How Delhi’s rich forge EWS documents to get their children into top schools

Posted on Jun 24 2015 - 8:13pm by admin

Some uber rich and elite families in Delhi are fudging income certificates to masquerade as economically weaker sections (EWS) for admitting their kids to top schools. In the bargain, poor children are robbed of their right to study in these schools.

Some of these high and mighty people, who own high-end cars like a Jaguar, employ a well-oiled machinery of touts and school staff to usurp the quota fixed for EWS children.

An exclusive India Today TV investigation reveals that this racket is being run by middlemen who project the super rich as people earning less than Rs 1 lakh a year by obtaining forged income certificates from the local SDM’s office. The catch is that for admissions to nursery classes, 25 per cent of seats in Delhi’s schools have been reserved for children of poor parents who earn less than Rs 1 lakh annually. So the moneyed parents pay anything from Rs 5 lakh to Rs 10 lakh to the touts for the guarantee of an EWS seat which their child doesn’t deserve at all.

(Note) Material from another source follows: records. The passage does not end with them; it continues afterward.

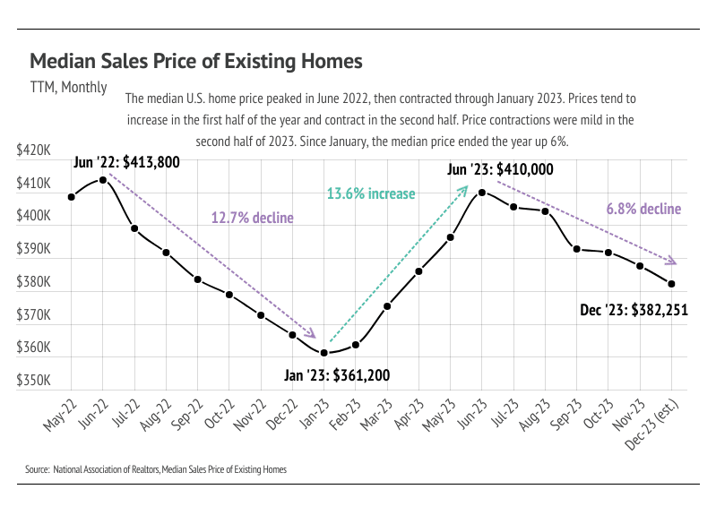 As demand slows, buyers are gaining more negotiating power and paying less than they were during the busier summer season. In June 2023, the average seller received 105% of list price, compared to 101% of list in December. However, on average, buyers paid 4% more in December 2023 than December 2022. Inventory will almost certainly remain historically low for the next few months, and buyer competition will ramp up meaningfully in the spring, which will drive price appreciation.
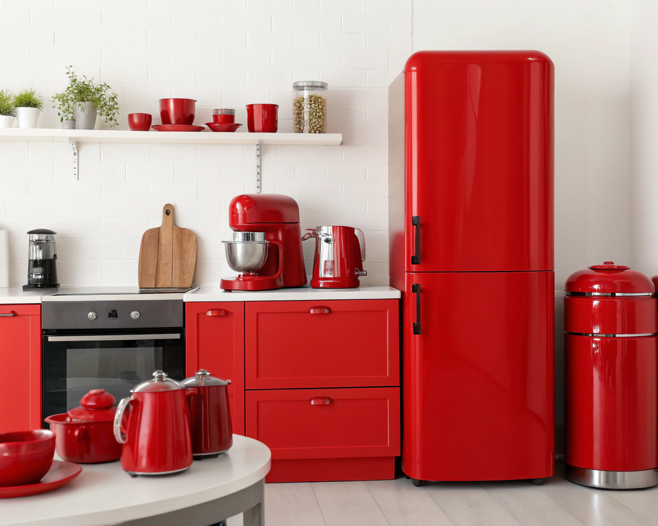 活力・情熱を象徴 冷蔵庫や電子レンジ、トースターなど目立つ家電で色を統一 赤色の使いすぎはエネルギー過剰に繋がりやすい
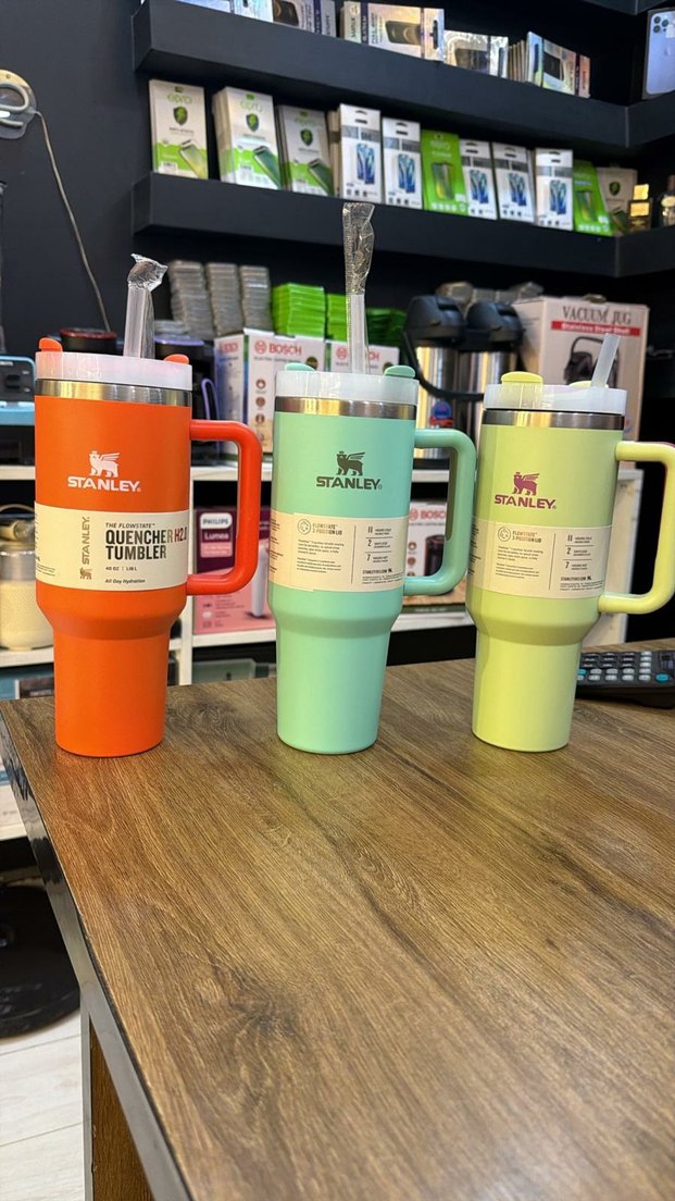 Turuncu, nane yeşili ve açık yeşil renklerde, saplı ve kapaklı Stanley Quencher tumbler bardaklar. İçecekler için kullanışlıdır.
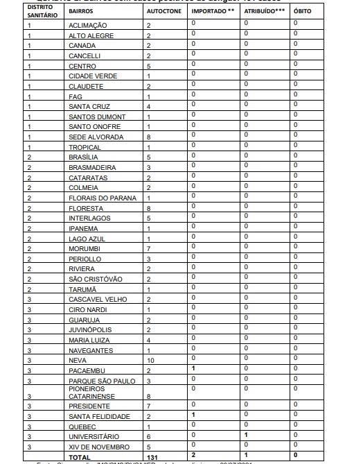 A Secretaria de Saúde de Cascalvel divulgou na tarde desta terça-feira (20), o relatório Epidemiológico de Arbovirose.
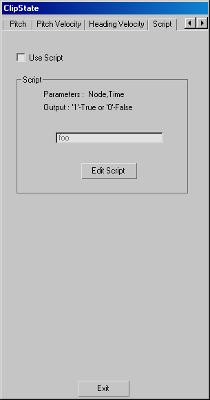 In the following sample script, "del" is the delegate's node, and "t" is the time. The name of the scripted function, "stoppedScript," would also need to be entered into the name field in the Script panel of the ClipState dialog. Unlike cognitive controller scripts, the statement "at time t" needs to be invoked because the animation is not running when the synthesis takes place.
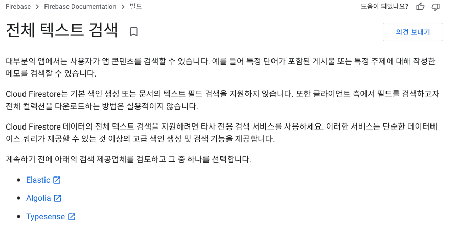 그러나 Firebase의 단점.. Nosql로 검색 기능이 강력하지 않다는 것이다.("Fulltext search를 지원하지 않는다" 라고 Firebase 공식 페이지에서 나와있음)
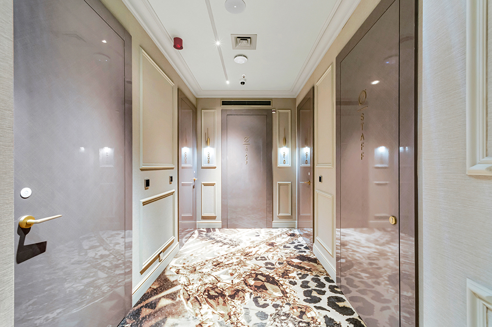 Probablemente, las puertas de las habitaciones son con las que el huésped está mayor contacto. Tienen que ser principalmente seguras, insonorizadas y resistentes al fuego (normalmente Ei30), garantizando privacidad y durabilidad. Deben contar con sistemas de cierre automático y apertura segura, con medidas estándar de al menos 80-90 cm de ancho y >2m de altura, integrándose estéticamente en el diseño del hotel.
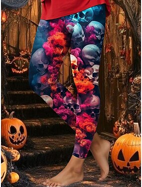 Жен. Леггинсы Отпуск Винтаж Мода По щиколотку ЗавышеннаяPantsHalloween Графика Черепа Хэллоуин Рисунок Мягкий Дышащий Эластичная Отпуск Для улицы Повседневные Белый Синий Зеленый Цвет хаки
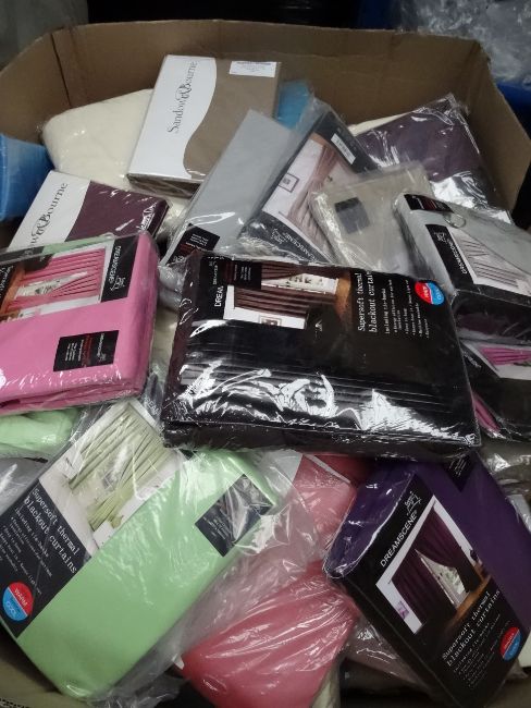 1 x Pallet to contain approx. 24 x Sets of Various Curtains to include black out curtains. Brands Such as Dream Scene, Sandown and Bourne and More. Approx Total RRP Value £1,000! New and Packaged Stock! Huge Re-sale Pottential! Sizes will vary. Packaging may be slightly damaged but this is no affect to the actual item whatsoever!

In several cases that have come to light, touts used highly unusual, though effective, ways to guarantee admissions for the payment they received. In a peculiar instance, they arranged for chits bearing the names of rich kids to be kept in a refrigerator for a significant period. The aim was to avoid any suspicion in a seemingly blind draw of lots by the school managements while making it easy to identify by touch which of the chits needed to be picked up.

Incidentally, while the police have busted only one such racket at Pitampura’s Bal Bharti School, the mastermind of the scam is still at large. The police have managed to arrest four members of the gang. As per India Today TV’s investigation, the lynchpin of the scam is a woman, who has been identified as Puneeta. She is said to be charging anywhere between Rs 5 lakh and Rs 10 lakh from well to-do parents for securing admission for their kids under the EWS quota.

How it works

The modus operandi was extremely simple: She obtained fake income certificates on fake addresses and later, after securing an admission, would get the name changed to the boy’s whose parents had paid up, thus legitimising the scam. As per available information, police have registered around 300 such cases.

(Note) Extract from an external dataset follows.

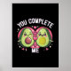 Montrez votre amour avec un soupçon d'humour et un parfum de douceur ! "You Complete Me" présente deux moitiés d'avocat adorables, l'une avec une graine et l'autre sans, souriant joyeusement ensemble. Entouré de coeurs et de détails ludiques, ce design est idéal pour les amateurs d'avocats, les couples ou toute personne qui aime répandre l'amour et la positivité. Que vous fêtiez la Saint-Valentin, un anniversaire ou que vous vouliez juste faire sourire quelqu'un de spécial, ce design est la façon parfaite de dire "Vous me complétez." Un délicieux cadeau pour les gourmands, amateurs de jeux de mots ou qui ne résiste pas au charme des avocats !
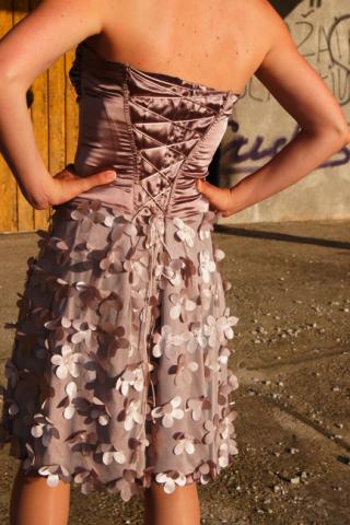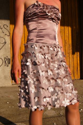 Žavinga, vienetinė proginė suknelė. Lengvai plevenančios gėlytės, priduoda vėjavaikiškumo, tačiau modeliukas ir spalva paverčia suknelę šventišku drabužiu, puikiai tiksianču išleistuvėms ar kitai svarbiai gyvenimo šventei pasipuošti. Pažymėta spalva neatspindi tikrosios, tiesiog tokios nėra tarp duodamo spalvų pasirinkimo. Tikroji spalva yra ta, kuri matoma nuotraukose. Nugara suvarstoma lyg korseto, tačiau viršus nėra kietas kaip tikro korseto, o atvirkščiai lengvas ir mielas prie kūno. Kadangi yra suvarst

In one such FIR, the crime branch mentions to have found that two certificates used to get admission into two schools – Lancers Convent and GD Goenka Public School, both in Rohini – carried the same name as applicant and his father and had been procured for the admission of someone named Khushi. The names of the ward were later changed to Rhythm and Cheshna, respectively. The applicants’ addresses were different, but the certificates were issued for admission in academic year 2014-15.

The crime branch also found that she had used a certificate for more than one fake admission.